Teón se sentía cada vez más inquieto.

—Nuestro amo te miraba y sonreía —comentó la otra esclava que había colocado el candil sobre una repisa.

—¿Me escuchó vuestro amo?

—Sí, parecía muy interesado en tus palabras.

La esclava descorrió las cortinas para que entrase la luz del crepúsculo y otra vez se agitaron los pájaros, que poco a poco habían buscado un nuevo acomodo.
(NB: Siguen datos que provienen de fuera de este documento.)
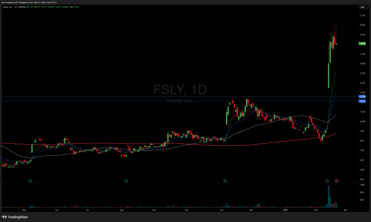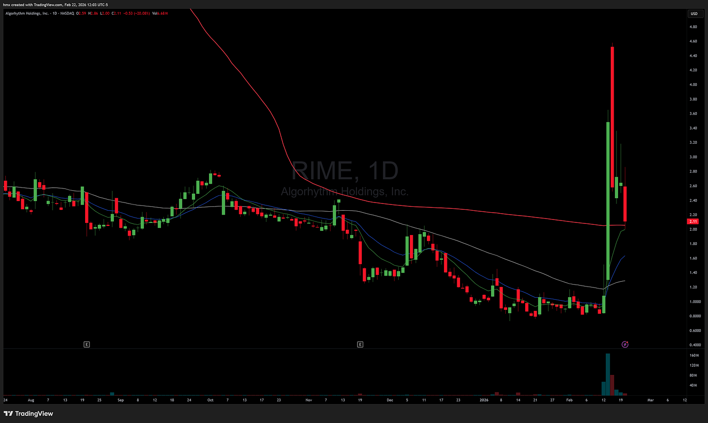 Low float action stayed selective this week, with RIME 0.00%↑ stealing the show on Tuesday after its AI-driven multi-day surge of roughly 300%+ off early February levels and a big 70%+ post-market spike into the prior week. Once the momentum finally cracked, it delivered a clean backside mean-reversion fade. RXT 0.00%↑ was the other liquid name worth real attention, ripping more than 200% off recent lows as it pushed toward its 200-day and printed over 500 million shares on the week ahead of its February 26 earnings date, which made it the better structured long-side trade while shorts had to respect a strong trend and crowded tape.
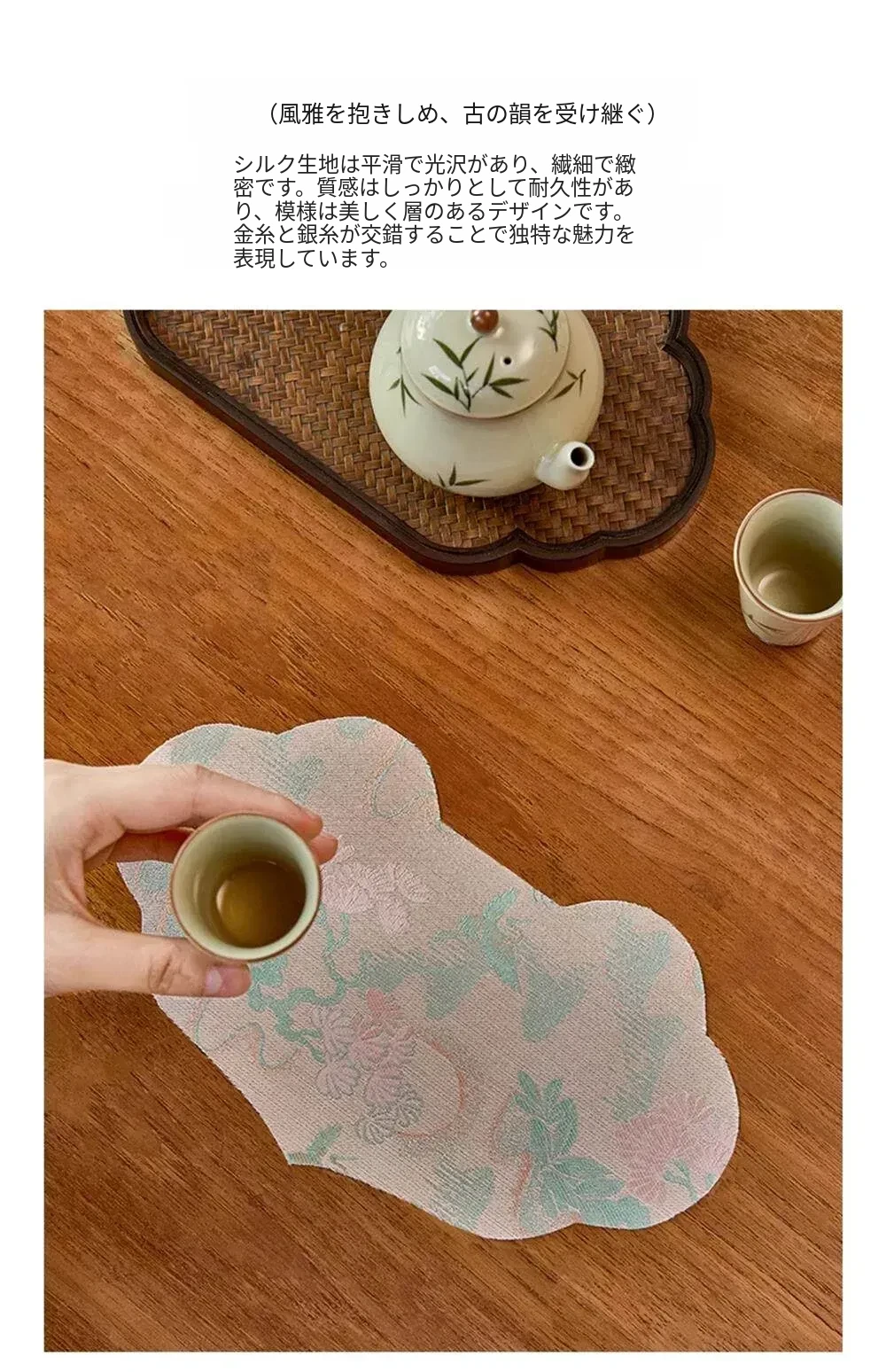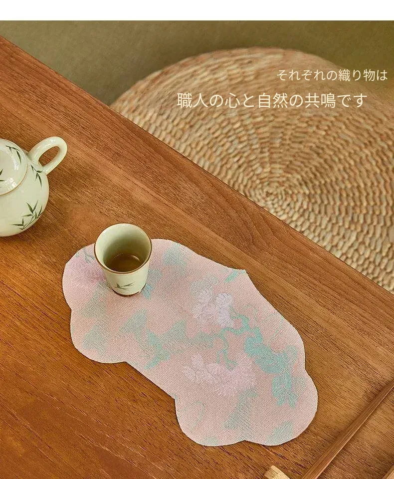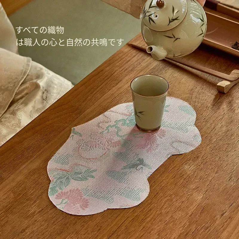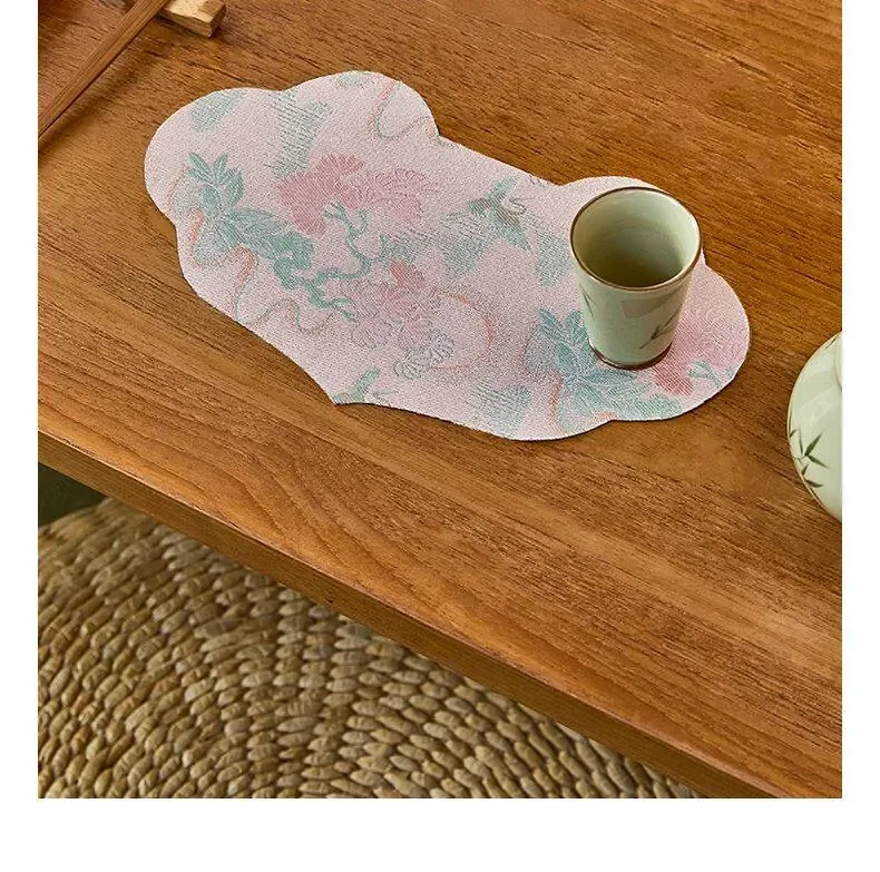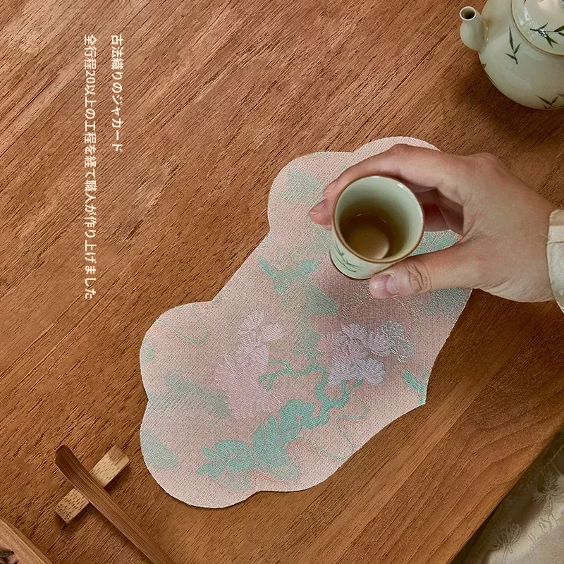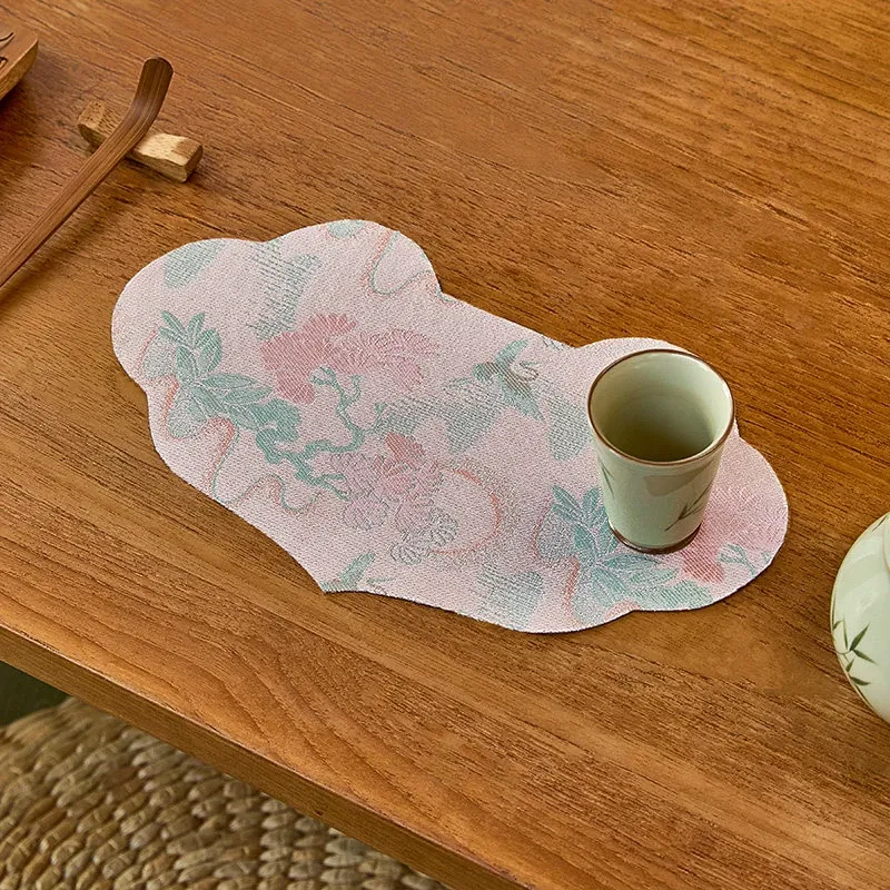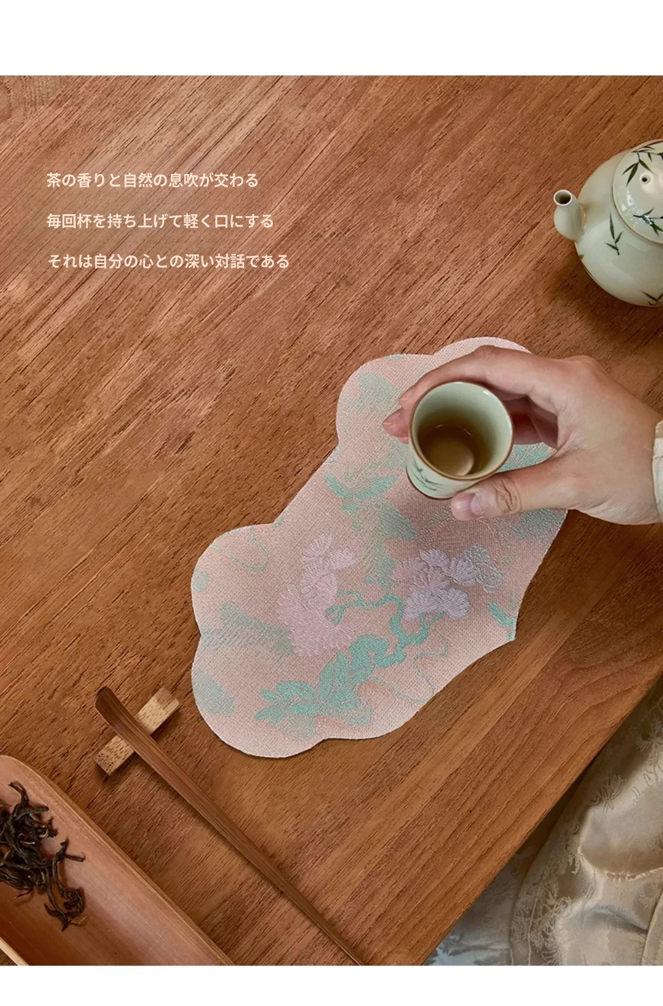 新中式禅スタイルの防水ティーセッティングマット - コンパクトサイズのピンク色、茶道にぴったりなティーカップマット!あなたの茶席を一層美しく演出します。
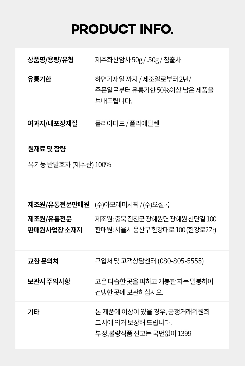 (롯데백화점)(오설록) 제주화산암차 50g(잎차)
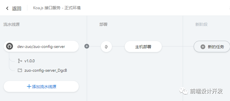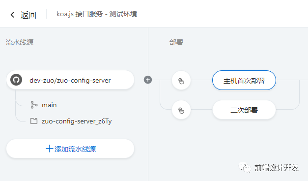 - 设置 git 源 2. 构建(比如前端项目执行 npm run build)、此时可以选择分支,是否执行 npm install3. 部署(使用构建生成的文件部署)
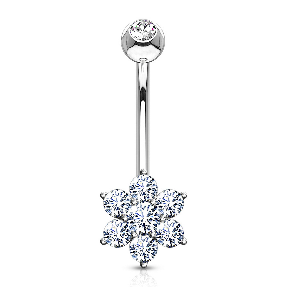 Gorgeous floral CZ white gold belly ring. This is a beautiful sparkling belly ring that is classy and stylish in every way. Simple and dainty CZ belly ring. 14K Real White Gold. 14 GA, 3/8" barbell. 4mm top ball. Also available in solid yellow gold.
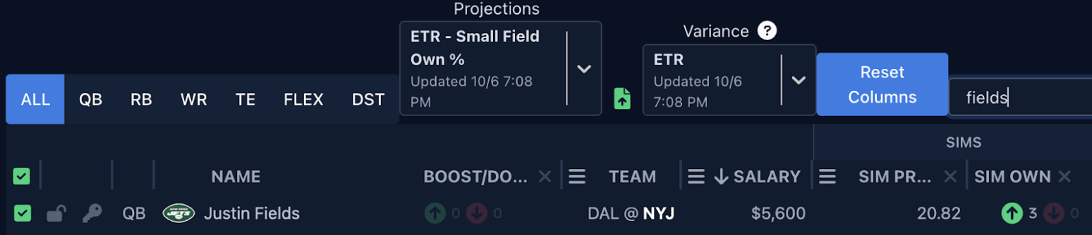 These ownership misses, whether due to an ETR error projection or contest-to-contest variance, are going to change how a lineup simulates post-lock.

—¿Mi familia sabe que estoy aquí?

—Sí.

Mientras las esclavas disponían la estancia para la visita del médico, su mente elucubraba sobre el determinismo que en su opinión presidía la vida de los humanos. Había ansiado durante años la llegada de descendencia porque era la forma de alcanzar la permanencia sobre la tierra. Los hijos, especialmente los varones, eran la prolongación de los progenitores, una forma de perpetuarse en el tiempo. No todos sus amigos pensaban de la misma manera. Hermógenes, el viejo cascarrabias, se mostraba partidario de la metempsicosis, lo que popularmente se conocía como la transmigración de las almas. Sostenía que en el preciso instante de la muerte, el alma se encarnaba en otro cuerpo más o menos perfecto que el anterior, según mereciesen sus buenas o sus malas obras. Estaba convencido de que en una vida anterior había sido perro porque previamente su alma perteneció a un mercader tramposo que se lucraba sisando en los pesos y elevando los precios cuando la necesidad apretaba. Hermógenes explicaba su ascenso, señalando que su anterior vida, la perruna, había estado presidida por la docilidad y que incluso el premio le llegó por salvar a un pequeño de morir ahogado. Las creencias del médico cobraban fuerza cuando las enfrentaba a las de Clodio, un filósofo cínico, quien afirmaba que el cuerpo era una cárcel a la que había que despreciar, como sucedía con las opiniones de quienes no pensaban como él. Clodio, muy aficionado al vino, señalaba que, al morir el cuerpo, el alma quedaba en libertad sin sentir el menor deseo de volver a quedar encarcelada. En aquella situación en que, ante la inminencia del peligro, se acordaba de cosas tan extrañas, al momento, Teón también pensó en cuál habría sido su pecado para que los dioses le hubiesen enviado el castigo de tener una hija.